| Information shown |
---------------
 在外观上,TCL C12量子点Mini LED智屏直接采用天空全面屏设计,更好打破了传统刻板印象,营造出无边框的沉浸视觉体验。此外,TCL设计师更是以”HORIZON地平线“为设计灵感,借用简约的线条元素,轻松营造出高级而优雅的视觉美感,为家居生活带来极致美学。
---------------
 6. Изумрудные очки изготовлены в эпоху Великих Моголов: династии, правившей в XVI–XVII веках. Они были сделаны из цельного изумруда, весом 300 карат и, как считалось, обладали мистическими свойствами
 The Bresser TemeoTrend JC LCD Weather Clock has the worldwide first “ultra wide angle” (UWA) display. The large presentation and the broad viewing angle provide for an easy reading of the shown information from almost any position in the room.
---------------
| Assignment |
Among the records above, extract exactly the lines from the line with "6. Изумрудные очки" to the line with "The Bresser TemeoTrend", both lines included, and leave out the rest.

| Solution below |
 6. Изумрудные очки изготовлены в эпоху Великих Моголов: династии, правившей в XVI–XVII веках. Они были сделаны из цельного изумруда, весом 300 карат и, как считалось, обладали мистическими свойствами
 The Bresser TemeoTrend JC LCD Weather Clock has the worldwide first “ultra wide angle” (UWA) display. The large presentation and the broad viewing angle provide for an easy reading of the shown information from almost any position in the room.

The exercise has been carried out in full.